Confessing Him as Christ cannot be done without confessing ourselves as unworthy, for if we do not believe that we need a Savior, we will not confess that we have one. Confessing Him as Christ cannot be done without resting our entire hope upon Him, for we will have realized that we have no hope without Him.

The second test is whether we believe the Apostles. Now, we as Christians sometimes have honest disagreements about what the Apostles meant. Our disagreements do not usually rise to the level of heresy. But when the Apostles are dismissed, their writings ignored or brushed away, then that is part of the spirit of the antichrist.

I am sympathetic to those “Red Letter Christians” who believe that only Jesus’ words are infallible, and the words of the Apostles could be flawed. I sympathize, but I must call them to repentance. John, James, Jude, Paul, Peter, Mark, Luke, Matthew, and the writer of Hebrews were inspired by the Holy Spirit. All Scripture is God breathed, and we must look to it as the Word of God.

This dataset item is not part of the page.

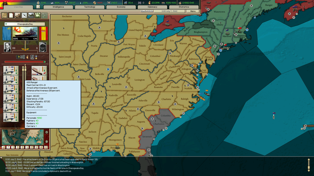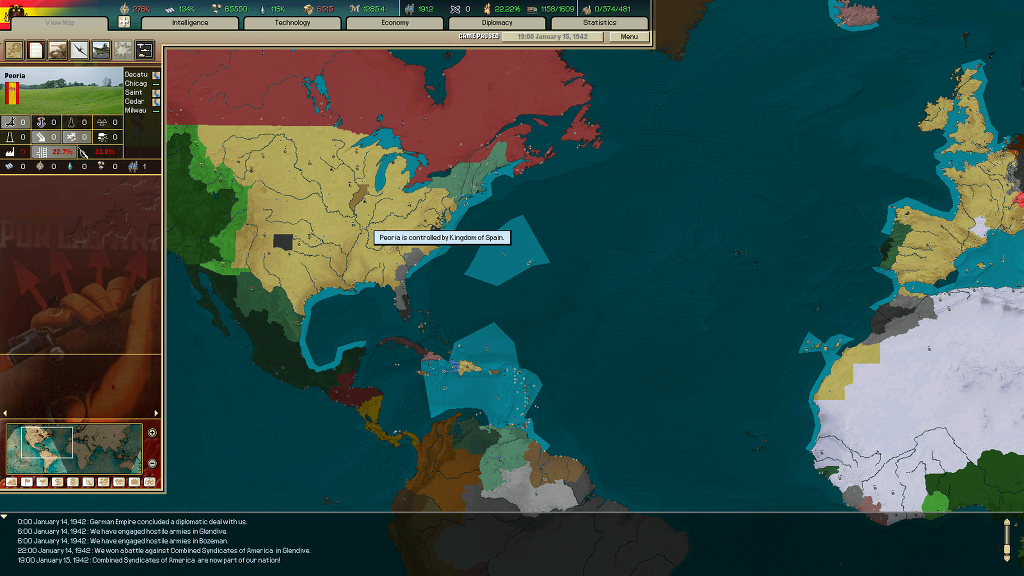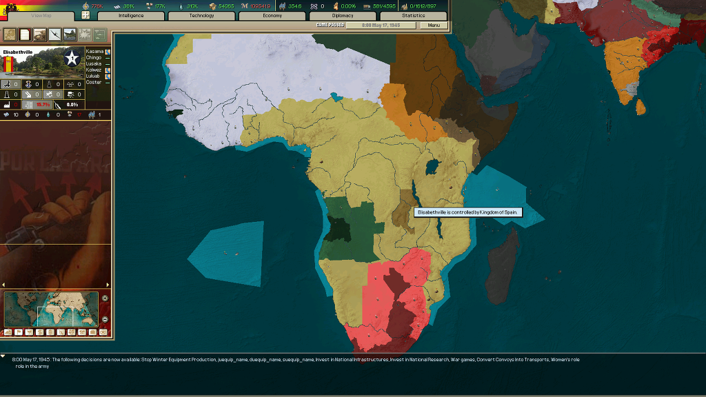 남은 독일 제국의 영토는 베트남과 라오스, 인도네시아와 남태평양 섬 몇개들 뿐입니다. 왕후 연맹이 스리랑카 찾는다고 협상국에 붙어서 인도 거치면 갈 수야 있겠지만 너무 멀어서 귀찮네요...

If you come across a teacher who denies the plain words of Paul, then we may be dealing with heresy. Again, I may disagree with an Arminian on predestination, but that does not mean the Arminian is ignoring the Scripture. We have a disagreement, and I would say he is wrong, but I would not call him a heretic. I do not believe in paedobaptism (infant baptism), but I call many Lutherans and Presbyterians my close brothers. We are both studying the Word, and we disagree on this point. It is the rejection of the Word that we must guard against, for that is part of the spirit of the antichrist.

Which means those supposedly Christian leaders who want to call Paul into question. Those who read what the Bible says on homosexuality or fornication and ignore it, teaching others that these activities are okay. Guard against these people.

But above all else, trust God. If you have the Spirit, then you are secured by that Spirit for eternity. You need not fear for your soul. God uses even false teachers for His greater glory and for our good. We may not understand how He does it, but as the sovereign God of the universe, He is more than able.

This is where our security lies. Look, if it were up to me, I may wake up a Buddhist tomorrow, or a Muslim. I have no confidence in my own strength to keep my faith intact. So why should I not worry about the spirit of the antichrist? Tomorrow, that may be something that entices me! But John tells us that we have already overcome these things. How is that so?

“For he who is in you is greater than he who is in the world.” Listen to that answer. It is God who secures me for eternity, not myself. My faith will stand if that faith is from God. Those who leave the church for heresy prove in their leaving that they were never part of the true Church. They never had a faith that is from God. That is what we learned in 1 John 2:19.

We worship a sovereign God, a God that is not tossed about by the winds of history, but the God who causes them to blow, and in what direction. He is the hand that guides our every moment. And so we have overcome the world because HE has overcome the world, and we are in Him.

So test the teachings of every new fad that comes along. Learn of Jesus through the testimony of the Word so you can hold up every spirit against the truth of Him. Read the writings of the Apostles and have confidence that they are from the Father. If there is teaching that outright denies these words, then they are of the spirit of the antichrist. They are heresies. Beware of them.

But also have confidence in your sovereign Father in heaven. It is He who secures His children for eternity. It is He who will draw all of those He will to Himself. When we have faith – true faith – and repentance of our sins, we prove ourselves to be part of that family, forgiven because of the sacrifice Jesus made on the Cross, and held for eternity by the power of the Spirit. Have confidence not in yourself, but in the Cross.